Data from the US Energy Information Administration showed total domestic gas inventories rose last week by 30 billion cubic feet to 1.734 trillion cubic feet. That was below the Reuters poll estimate of 32 bcf and well below the five-year average increase for that week of 50 bcf.
"The (EIA build) number was slightly bullish - it missed expectations by 2 bcf and it was below the seasonal average - but people are looking forward to storage injections in early May when we should see much bigger builds as temperatures moderate," said Gelber & Associates analyst Aaron Calder.
Front-month May gas futures on the New York Mercantile Exchange, which expire on Friday, shot up 8.5 cents, or 2 percent, to $4.251 per million British thermal units right after release of the EIA data at 10:30 a.m. EDT (1430 GMT). But the front contract ended the session up just 0.1 cent at $4.167.
Cold late-winter weather, a chilly spring and above-average nuclear plant outages put a huge dent in record gas inventories and helped drive prices up 40 percent since mid-February.
But despite lingering cold this week and prospects for another light storage build in next week's report, some said the upside for gas futures seemed to be stalling after nine straight weeks of gains, particularly with milder weather on the horizon.
The front contract, which hit a 21-month high of $4.429 late last week, had lost 5.5 percent in the previous three sessions, breaking and closing below trendline support on Wednesday.
Chart traders said the break down could be a bearish sign and set up a test of better support in the $4.12-4.13 area, the 20-day moving average and the 23.6 Fibonacci retracement of the move up from the $3.125 February low to last week's peak.

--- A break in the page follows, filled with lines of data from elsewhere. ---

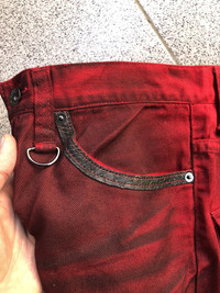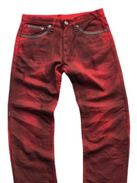 Semantic Design Distressed Red Bleach Flare Pant Used, Good Condition Size : On tag L (33/34) can be used, check measurement ✅ feel free to message me anytime “Please, before make a purchase see all the photo details, check the measurement and ask about everything you want”.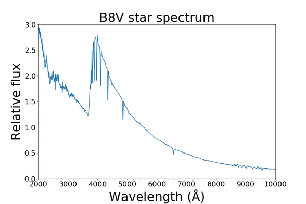 Как и у класса O, у звёзд класса B в спектрах наличествуют линии ионизованных элементов, например, O II, Si II и Mg II[комм. 1]. Однако в спектрах звёзд класса B практически нет линий He II — лишь в самых ранних подклассах[комм. 2], не позднее B0.5, могут наблюдаться слабые линии. Линии нейтрального гелия, наоборот, очень сильны и достигают наибольшей интенсивности. Также хорошо заметны линии водорода, в частности, серия Бальмера[3][4][5]. Часто у звёзд класса B также наблюдаются эмиссионные линии[6].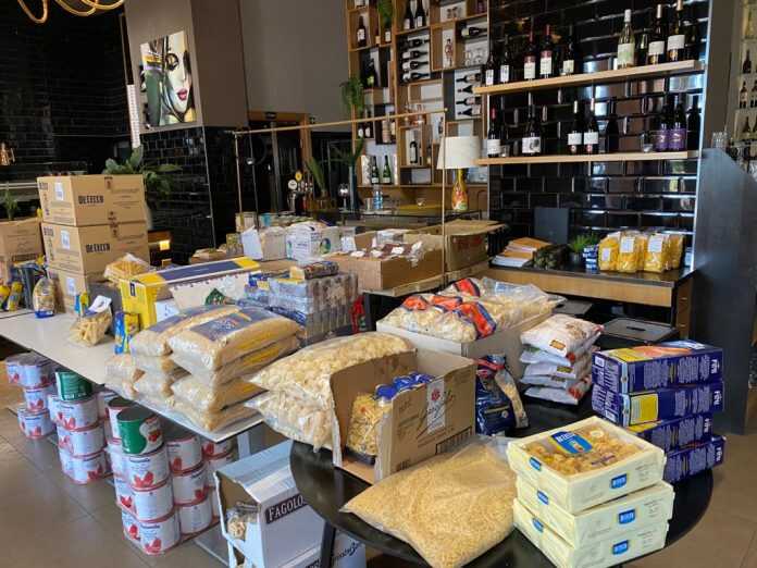 I tavoli in legno che, prima, ospitavano la clientela, ora, sono diventati punti di appoggio di buste, scatole e bottiglie pronte alla distribuzione. “I generi alimentari provengono da donazioni delle aziende prevalentemente salernitane e non solo, e dalle spese solidali di qualsiasi cittadino che si reca da noi e ce le consegna”, aggiunge l’imprenditore. Lo smistamento, invece, “parte da una richiesta che puo’ arrivare da qualcuno che si presenta da noi oppure telefona o, ancora, ci contatta via social; quella richiesta viene valutata e, se ci sono le condizioni, si procede con le consegne che vengono eseguite quotidianamente in tutto il territorio di Salerno, anche se spesso stiamo sconfinando andando in supporto di parroci e amministratori di altri comuni”.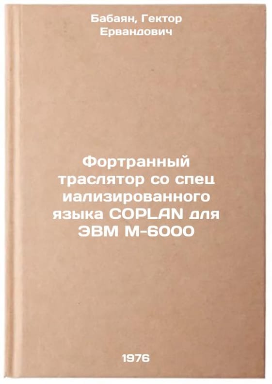 In Russian. Babayan, Hector Ervandovich. Format tracer from the specialized COPLAN language for the M-6000 computer. Dubna: JINR, 1976. Fortrannyy traslyator so spetsializirovannogo yazyka COPLAN dlya EVM M-6000. In Russian /Format tracer from the specialized COPLAN language for M-6000 . All images are for identification of editions only. Several books of the same edition may be available. Please feel free to request photos of available books. SKU7664154

Matt Smith, commodity analyst at Schneider Electric, pegged major support in the $3.93 area, which is the 38.2 Fibonacci measurement and the front-month high in 2012.
Some said a close below that level could herald the end of the bull market, at least until hotter weather kicks up air conditioning loads.

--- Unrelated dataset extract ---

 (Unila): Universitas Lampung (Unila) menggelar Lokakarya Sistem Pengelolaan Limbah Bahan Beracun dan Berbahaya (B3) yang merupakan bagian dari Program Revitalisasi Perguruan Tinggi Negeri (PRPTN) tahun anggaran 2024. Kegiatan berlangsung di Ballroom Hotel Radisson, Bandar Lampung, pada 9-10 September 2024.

Forecaster Commodity Weather Group expects temperatures in the central US and Southeast to cool to below normal next week, then moderate to mostly seasonal levels in the 11- to 15-day time frame that should again slow demand.
ANOTHER LIGHT INVENTORY BUILD
This week's storage injection was only the second of the stock building season, which started about three weeks later than expected due to an unusually cold spring.
The weekly build widened the deficit relative to last year by 13 bcf to 807 bcf, or 32 percent below last year's record highs at that time. It also increased the shortfall versus the five-year average by 20 bcf, leaving stocks at 94 bcf, or 5 percent, below that benchmark.